TANGERANG SELATAN, KOMPAS.com - Serikat Pekerja Seluruh Indonesia (SPSI) Tangerang Selatan (Tangsel) mendesak agar Pemerintah Kota (Pemkot) tetap memperhatikan dan melindungi kesejahteraan kaum buruh.
Pernyataan tersebut disampaikan perwakilan buruh saat melakukan audiensi dengan Wali Kota Tangsel Airin Rachmi Diany terkait penolakan adanya Undang-Undang Cipta Kerja, Selasa (6/10/2020).
Ketua Dewan Perwakilan Daerah SPSI Tangsel Vanny Sompie mengatakan, dalam pertemuan tersebut terdapat enam orang perwakilan buruh yang hadir di Balai Kota Tangsel.
Baca juga: Serikat Pekerja Akan Ajukan Judicial Review UU Cipta Kerja
"Perwakilan Serikat meminta Pemerintah Daerah Tangsel melalui Wali Kota Tangsel agar tetap memerhatikan kesejahteraan pekerja atau buruh dan keluarganya," ujar kepada Kompas.com, Selasa.
Menurut Vanny, langkah itu perlu dilakukan Pemkot Tangsel karena Undang-Undang Cipta Kerja yang disahkan pada Senin (5/10/2020) kemarin, telah mengurangi hak dan kesejahteraan para buruh.
Sehingga, kondisi tersebut berpotensi memberikan berdampak negatif terhadap pertumbuhan ekonomi di Tangsel, karena menurunnya daya beli masyarakat.
Baca juga: Menaker: Baca UU Cipta Kerja secara Utuh, Banyak Aspirasi Pekerja Diakomodasi
"Maka akan berpengaruh pada menurunnya daya beli masyarakat atau buruh yang berdampak pada melambatnya pertumbuhan ekonomi, termasuk di Tangsel," kata dia.
Sebelumnya, pengesahan UU Cipta Kerja menuai banyak sorotan dari publik. Regulasi tersebut dinilai merugikan pekerja.
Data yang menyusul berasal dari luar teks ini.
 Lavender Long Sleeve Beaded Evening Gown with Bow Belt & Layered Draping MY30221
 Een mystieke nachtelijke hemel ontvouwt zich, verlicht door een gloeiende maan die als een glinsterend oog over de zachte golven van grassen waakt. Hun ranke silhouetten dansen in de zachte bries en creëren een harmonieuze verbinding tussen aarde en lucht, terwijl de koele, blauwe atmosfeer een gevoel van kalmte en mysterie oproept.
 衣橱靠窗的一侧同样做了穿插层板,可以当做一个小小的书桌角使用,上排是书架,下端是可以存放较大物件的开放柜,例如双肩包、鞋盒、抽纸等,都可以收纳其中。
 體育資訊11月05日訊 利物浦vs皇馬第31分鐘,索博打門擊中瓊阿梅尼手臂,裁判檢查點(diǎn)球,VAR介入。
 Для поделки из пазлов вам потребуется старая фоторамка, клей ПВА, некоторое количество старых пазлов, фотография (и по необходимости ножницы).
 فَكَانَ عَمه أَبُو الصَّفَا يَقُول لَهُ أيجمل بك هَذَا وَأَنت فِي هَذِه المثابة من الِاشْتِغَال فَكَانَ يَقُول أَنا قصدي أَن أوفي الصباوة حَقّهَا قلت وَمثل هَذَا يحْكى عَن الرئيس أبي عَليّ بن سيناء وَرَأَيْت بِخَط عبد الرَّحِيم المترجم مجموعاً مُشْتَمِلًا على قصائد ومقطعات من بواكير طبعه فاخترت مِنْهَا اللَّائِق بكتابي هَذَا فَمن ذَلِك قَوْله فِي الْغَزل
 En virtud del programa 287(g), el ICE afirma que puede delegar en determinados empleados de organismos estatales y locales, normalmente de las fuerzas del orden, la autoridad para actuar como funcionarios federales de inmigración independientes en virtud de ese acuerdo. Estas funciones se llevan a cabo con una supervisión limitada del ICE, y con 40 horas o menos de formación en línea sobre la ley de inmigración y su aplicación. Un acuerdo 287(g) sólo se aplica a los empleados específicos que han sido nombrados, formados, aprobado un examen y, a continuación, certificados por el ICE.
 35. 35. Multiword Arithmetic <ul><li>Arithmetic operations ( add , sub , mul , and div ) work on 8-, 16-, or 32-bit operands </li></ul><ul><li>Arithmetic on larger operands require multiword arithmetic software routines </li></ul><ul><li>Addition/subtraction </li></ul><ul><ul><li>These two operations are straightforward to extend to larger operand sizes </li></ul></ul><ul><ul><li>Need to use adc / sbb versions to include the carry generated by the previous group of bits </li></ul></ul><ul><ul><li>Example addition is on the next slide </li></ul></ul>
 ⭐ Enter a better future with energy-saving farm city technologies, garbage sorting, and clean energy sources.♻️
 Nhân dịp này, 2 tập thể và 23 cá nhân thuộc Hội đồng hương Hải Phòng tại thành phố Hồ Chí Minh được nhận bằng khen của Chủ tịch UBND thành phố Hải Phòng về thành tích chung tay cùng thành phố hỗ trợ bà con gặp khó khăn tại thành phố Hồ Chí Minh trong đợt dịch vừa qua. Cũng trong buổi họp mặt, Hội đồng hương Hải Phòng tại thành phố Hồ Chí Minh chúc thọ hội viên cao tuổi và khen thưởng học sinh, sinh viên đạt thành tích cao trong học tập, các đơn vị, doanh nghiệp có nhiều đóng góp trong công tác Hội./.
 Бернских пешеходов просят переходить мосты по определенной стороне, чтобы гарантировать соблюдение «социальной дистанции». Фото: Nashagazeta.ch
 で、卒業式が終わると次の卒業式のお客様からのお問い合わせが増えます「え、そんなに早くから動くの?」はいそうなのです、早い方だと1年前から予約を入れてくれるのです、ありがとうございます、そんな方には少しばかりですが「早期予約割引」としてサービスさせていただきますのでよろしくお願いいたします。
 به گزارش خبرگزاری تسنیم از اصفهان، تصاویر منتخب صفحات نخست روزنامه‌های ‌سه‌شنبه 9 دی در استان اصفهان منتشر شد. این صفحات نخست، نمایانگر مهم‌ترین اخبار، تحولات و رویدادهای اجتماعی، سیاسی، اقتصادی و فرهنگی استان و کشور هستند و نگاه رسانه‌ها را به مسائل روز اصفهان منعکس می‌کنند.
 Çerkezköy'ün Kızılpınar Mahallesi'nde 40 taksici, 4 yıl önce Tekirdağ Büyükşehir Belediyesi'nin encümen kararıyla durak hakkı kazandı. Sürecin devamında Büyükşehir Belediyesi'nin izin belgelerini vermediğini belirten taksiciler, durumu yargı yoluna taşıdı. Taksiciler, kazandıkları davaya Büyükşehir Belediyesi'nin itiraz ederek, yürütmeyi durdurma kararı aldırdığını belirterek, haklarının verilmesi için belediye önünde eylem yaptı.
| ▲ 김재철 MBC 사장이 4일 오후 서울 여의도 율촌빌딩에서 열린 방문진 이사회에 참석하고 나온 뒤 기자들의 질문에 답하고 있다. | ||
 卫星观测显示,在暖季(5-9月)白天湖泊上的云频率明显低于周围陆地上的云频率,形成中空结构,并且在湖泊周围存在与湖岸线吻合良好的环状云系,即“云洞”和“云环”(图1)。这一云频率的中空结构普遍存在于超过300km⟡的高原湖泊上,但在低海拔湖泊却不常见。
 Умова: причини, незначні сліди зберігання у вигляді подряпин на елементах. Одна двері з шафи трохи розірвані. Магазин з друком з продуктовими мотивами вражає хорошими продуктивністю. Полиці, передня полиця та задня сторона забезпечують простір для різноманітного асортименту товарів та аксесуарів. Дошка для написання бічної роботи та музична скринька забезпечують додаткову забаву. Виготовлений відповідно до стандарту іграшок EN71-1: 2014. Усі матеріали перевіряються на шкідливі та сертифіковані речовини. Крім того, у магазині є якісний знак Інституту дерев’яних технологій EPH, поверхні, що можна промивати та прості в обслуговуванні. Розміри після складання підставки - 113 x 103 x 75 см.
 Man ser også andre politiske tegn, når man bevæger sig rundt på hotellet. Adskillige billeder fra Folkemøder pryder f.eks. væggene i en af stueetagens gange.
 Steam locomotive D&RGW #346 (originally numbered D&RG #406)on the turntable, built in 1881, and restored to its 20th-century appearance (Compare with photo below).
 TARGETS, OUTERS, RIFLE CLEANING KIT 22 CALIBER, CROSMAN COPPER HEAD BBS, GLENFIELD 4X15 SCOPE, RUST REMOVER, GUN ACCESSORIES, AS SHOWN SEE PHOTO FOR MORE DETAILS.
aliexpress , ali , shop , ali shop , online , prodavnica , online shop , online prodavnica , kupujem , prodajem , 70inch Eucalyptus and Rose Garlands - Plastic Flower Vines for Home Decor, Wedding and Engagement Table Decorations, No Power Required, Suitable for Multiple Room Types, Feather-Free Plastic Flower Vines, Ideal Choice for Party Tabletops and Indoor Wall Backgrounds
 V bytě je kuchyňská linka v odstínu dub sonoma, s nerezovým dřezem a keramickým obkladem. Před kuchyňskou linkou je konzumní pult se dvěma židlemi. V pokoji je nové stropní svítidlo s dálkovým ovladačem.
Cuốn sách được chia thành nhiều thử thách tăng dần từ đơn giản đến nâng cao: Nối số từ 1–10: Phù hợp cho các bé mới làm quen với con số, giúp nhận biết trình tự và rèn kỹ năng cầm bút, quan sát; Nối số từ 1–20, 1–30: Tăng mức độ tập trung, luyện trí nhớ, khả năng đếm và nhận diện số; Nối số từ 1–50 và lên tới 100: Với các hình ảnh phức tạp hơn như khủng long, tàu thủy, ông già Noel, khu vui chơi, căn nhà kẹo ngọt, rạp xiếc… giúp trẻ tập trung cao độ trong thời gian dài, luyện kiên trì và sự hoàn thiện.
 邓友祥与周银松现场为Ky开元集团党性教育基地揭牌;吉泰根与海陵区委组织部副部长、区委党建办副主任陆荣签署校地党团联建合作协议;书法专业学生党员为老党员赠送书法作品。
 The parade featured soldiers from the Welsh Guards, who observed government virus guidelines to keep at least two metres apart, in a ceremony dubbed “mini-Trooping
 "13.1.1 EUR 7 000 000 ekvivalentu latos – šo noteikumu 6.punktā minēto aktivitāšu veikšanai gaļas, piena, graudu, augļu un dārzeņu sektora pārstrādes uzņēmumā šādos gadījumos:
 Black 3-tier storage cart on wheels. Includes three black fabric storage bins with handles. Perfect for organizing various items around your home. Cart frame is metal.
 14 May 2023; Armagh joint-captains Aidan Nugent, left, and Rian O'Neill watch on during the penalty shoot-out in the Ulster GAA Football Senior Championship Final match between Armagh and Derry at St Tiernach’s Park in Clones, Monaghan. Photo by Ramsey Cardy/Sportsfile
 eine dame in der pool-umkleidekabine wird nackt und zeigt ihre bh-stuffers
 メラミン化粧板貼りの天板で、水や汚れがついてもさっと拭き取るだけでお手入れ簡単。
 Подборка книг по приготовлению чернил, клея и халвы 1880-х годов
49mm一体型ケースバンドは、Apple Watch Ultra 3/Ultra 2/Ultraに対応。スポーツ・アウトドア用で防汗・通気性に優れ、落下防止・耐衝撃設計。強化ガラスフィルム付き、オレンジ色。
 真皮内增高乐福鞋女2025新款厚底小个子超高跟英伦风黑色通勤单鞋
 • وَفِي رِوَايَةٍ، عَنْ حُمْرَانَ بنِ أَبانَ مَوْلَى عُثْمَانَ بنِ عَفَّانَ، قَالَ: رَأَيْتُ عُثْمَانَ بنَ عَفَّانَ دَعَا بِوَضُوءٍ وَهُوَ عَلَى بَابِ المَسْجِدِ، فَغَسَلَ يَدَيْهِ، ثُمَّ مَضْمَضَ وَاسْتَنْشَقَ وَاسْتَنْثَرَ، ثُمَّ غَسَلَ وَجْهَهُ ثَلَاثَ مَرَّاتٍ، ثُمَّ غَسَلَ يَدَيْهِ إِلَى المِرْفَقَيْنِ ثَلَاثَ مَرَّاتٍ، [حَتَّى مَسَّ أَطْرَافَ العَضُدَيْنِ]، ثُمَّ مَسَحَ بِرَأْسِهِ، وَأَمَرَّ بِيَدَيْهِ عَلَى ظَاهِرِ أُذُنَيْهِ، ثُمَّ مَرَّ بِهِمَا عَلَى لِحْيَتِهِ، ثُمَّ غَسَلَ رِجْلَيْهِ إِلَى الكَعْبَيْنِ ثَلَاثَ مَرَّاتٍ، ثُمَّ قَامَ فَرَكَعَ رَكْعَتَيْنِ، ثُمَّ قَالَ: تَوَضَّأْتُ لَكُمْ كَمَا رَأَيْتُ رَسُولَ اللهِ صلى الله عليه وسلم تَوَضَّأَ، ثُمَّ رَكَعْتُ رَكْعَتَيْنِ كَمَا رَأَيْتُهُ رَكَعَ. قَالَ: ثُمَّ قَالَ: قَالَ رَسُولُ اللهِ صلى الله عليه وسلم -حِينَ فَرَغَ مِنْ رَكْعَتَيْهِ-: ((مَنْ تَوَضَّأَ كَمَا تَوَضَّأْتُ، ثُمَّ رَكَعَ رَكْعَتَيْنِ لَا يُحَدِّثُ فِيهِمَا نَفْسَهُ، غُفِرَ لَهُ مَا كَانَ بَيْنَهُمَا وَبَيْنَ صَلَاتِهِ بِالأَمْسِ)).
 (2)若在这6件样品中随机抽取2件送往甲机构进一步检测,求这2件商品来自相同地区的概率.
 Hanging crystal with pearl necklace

Berikut sejumlah sorotan terkait Omnibus Law Cipta Kerja:
Salah satu poin yang ditolak serikat buruh adalah penghapusan upah minimum kota/kabupaten (UMK) dan diganti dengan upah minimum provinsi (UMP). Penghapusan itu dinilai membuat upah pekerja lebih rendah.
Padahal, dalam Undang-Undang Ketenagakerjaan Nomor 13 Tahun 2003 disebutkan tak boleh ada pekerja yang mendapat upah di bawah upah minimum.
Baik UMP dan UMK, ditetapkan oleh gubernur dengan memperhatikan rekomendasi dari dewan pengupahan provinsi dan bupati/wali kota.
Penetapan UMK dan UMP didasarkan atas perhitungan Kebutuhan Layak Hidup atau KLH.
Dalam draf omnibus law Bab IV tentang Ketenagakerjaan Pasal 78 disebutkan waktu kerja lembur hanya dapat dilakukan paling banyak empat jam dalam sehari dan 18 jam seminggu.
Ketentuan jam lembur itu lebih lama dibandingkan dalam UU Nomor 13 Tahun 2003, yang menyebut kerja lembur dalam satu hari maksimal 3 jam dan 14 jam dalam satu minggu.